Extracted material -

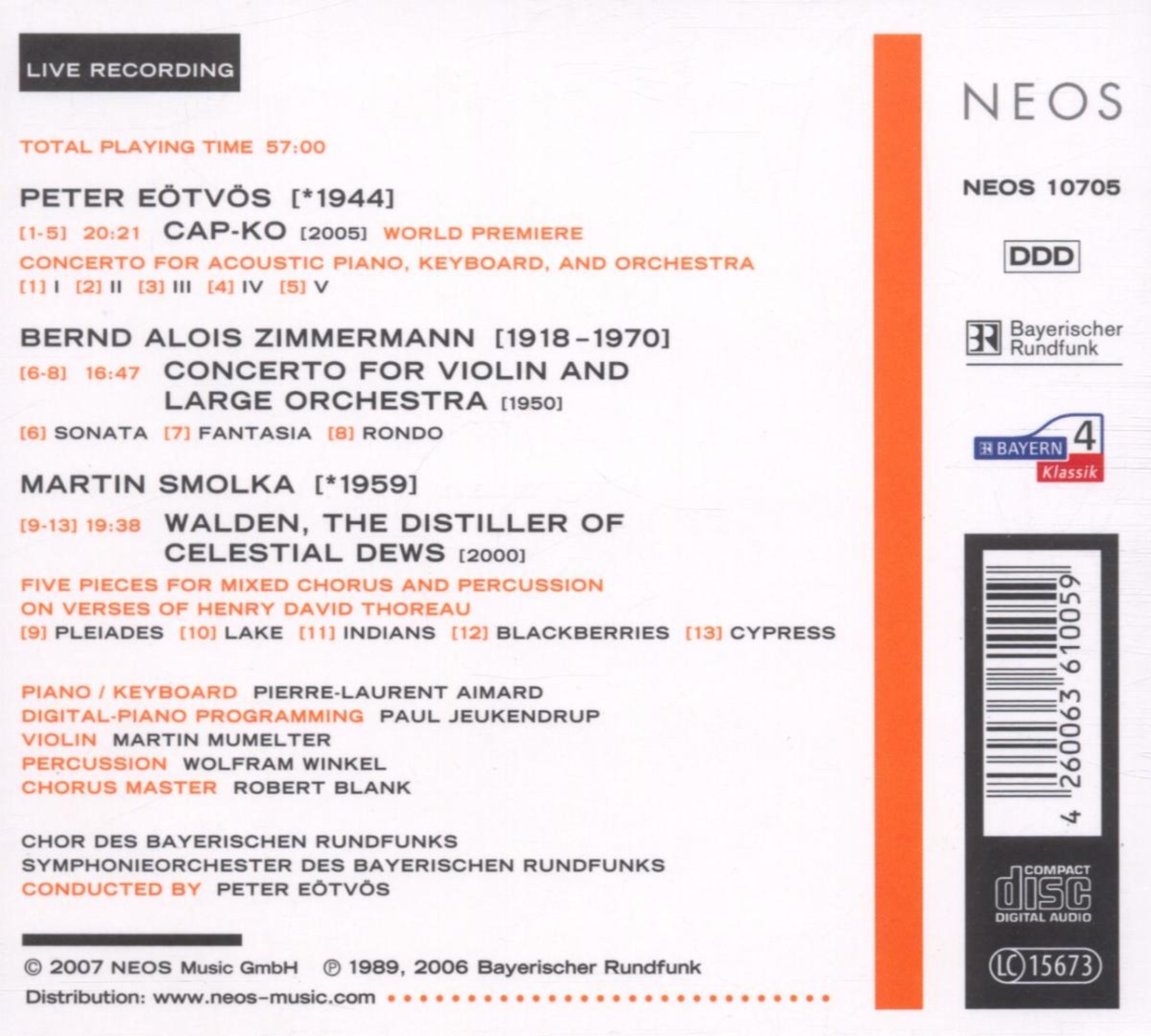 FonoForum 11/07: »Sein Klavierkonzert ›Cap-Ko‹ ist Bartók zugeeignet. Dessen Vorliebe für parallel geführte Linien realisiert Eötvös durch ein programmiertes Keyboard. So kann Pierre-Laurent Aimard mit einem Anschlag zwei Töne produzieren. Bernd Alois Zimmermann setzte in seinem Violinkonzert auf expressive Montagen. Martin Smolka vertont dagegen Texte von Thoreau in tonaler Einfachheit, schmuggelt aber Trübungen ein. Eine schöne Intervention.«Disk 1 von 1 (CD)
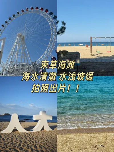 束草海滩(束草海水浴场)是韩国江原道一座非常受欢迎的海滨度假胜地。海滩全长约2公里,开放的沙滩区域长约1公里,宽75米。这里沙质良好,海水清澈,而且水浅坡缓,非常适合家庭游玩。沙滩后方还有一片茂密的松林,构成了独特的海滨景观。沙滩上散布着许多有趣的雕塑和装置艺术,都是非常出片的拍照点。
==
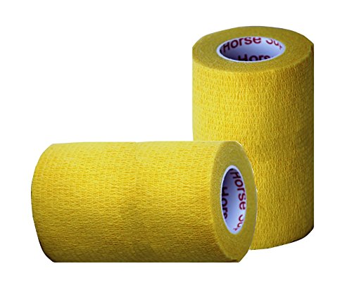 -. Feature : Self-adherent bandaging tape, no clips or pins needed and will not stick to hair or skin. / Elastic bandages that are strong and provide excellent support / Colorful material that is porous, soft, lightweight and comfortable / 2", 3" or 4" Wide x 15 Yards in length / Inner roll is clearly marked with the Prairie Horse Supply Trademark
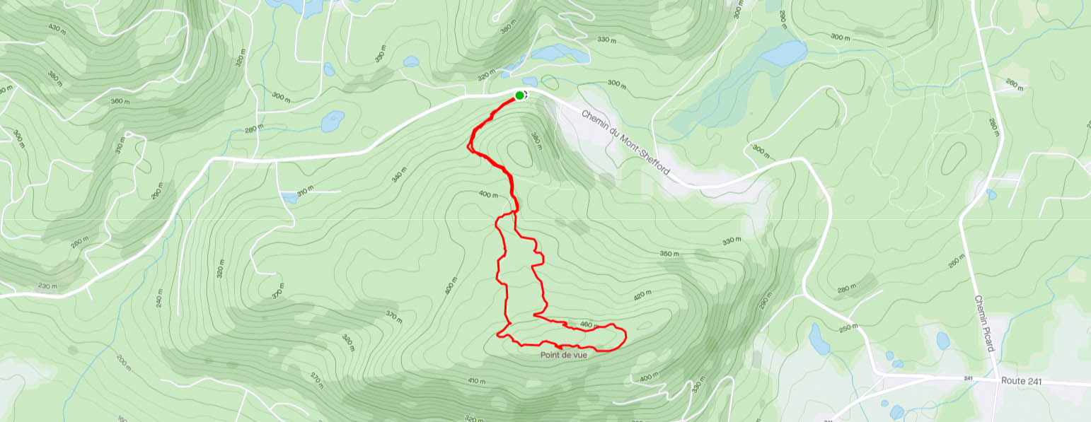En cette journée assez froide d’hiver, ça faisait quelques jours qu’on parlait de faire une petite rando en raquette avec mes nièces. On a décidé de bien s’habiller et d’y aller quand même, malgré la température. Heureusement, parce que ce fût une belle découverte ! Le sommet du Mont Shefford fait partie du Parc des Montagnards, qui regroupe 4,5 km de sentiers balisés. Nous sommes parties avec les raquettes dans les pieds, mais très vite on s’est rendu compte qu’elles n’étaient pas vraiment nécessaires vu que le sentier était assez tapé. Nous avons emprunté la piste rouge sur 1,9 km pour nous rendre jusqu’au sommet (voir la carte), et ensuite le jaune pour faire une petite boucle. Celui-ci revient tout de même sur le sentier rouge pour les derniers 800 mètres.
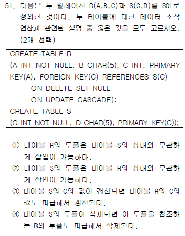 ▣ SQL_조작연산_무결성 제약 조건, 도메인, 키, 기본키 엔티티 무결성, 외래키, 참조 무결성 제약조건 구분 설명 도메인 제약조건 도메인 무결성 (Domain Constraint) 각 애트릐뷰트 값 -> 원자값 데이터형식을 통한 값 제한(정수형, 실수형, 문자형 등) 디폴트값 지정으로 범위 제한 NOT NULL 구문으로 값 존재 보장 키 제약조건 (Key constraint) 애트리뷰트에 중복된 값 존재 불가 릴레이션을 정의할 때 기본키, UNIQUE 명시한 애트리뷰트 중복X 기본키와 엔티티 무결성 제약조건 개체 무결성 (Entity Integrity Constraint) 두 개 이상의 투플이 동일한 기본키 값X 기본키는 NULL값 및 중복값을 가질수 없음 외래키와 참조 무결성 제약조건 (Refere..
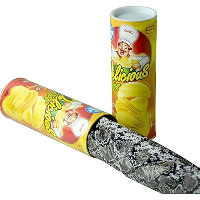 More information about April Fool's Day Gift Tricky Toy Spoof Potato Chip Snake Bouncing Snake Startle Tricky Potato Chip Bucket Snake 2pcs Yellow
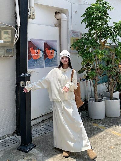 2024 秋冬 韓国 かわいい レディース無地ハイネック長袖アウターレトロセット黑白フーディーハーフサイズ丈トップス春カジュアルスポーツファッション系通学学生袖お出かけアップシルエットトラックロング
--
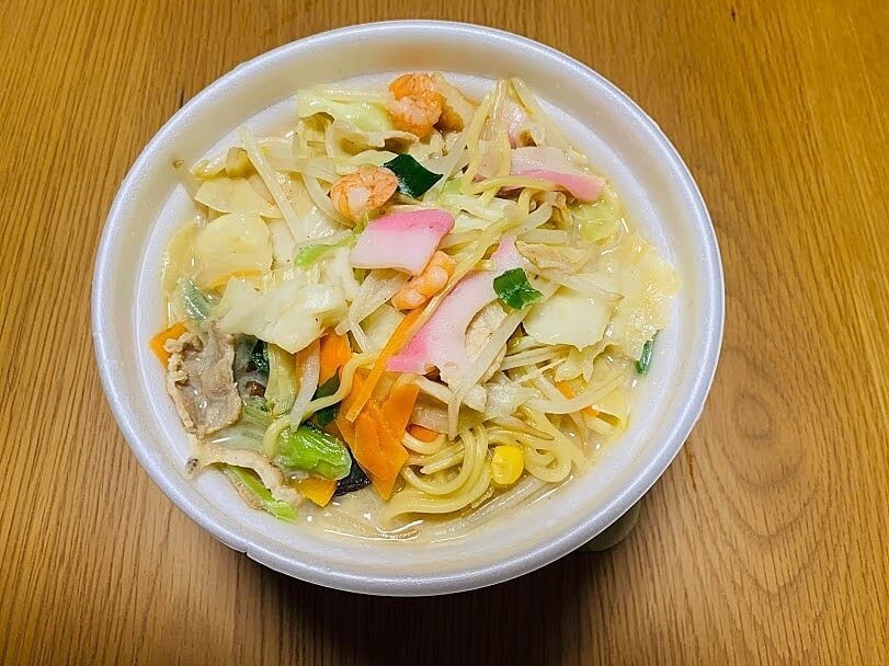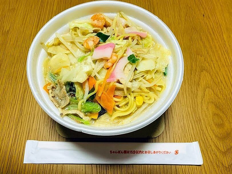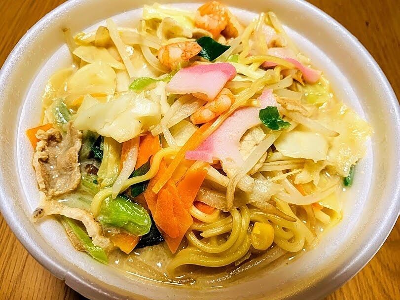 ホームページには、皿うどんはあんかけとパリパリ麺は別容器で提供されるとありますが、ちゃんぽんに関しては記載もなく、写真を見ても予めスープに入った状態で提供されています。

Problem description - The stretch above running from the line with "More information about" through the line with "2024 秋冬 韓国 かわいい" is all you should copy, exactly, leaving out the pictures.

Answer -
 More information about April Fool's Day Gift Tricky Toy Spoof Potato Chip Snake Bouncing Snake Startle Tricky Potato Chip Bucket Snake 2pcs Yellow
 2024 秋冬 韓国 かわいい レディース無地ハイネック長袖アウターレトロセット黑白フーディーハーフサイズ丈トップス春カジュアルスポーツファッション系通学学生袖お出かけアップシルエットトラックロング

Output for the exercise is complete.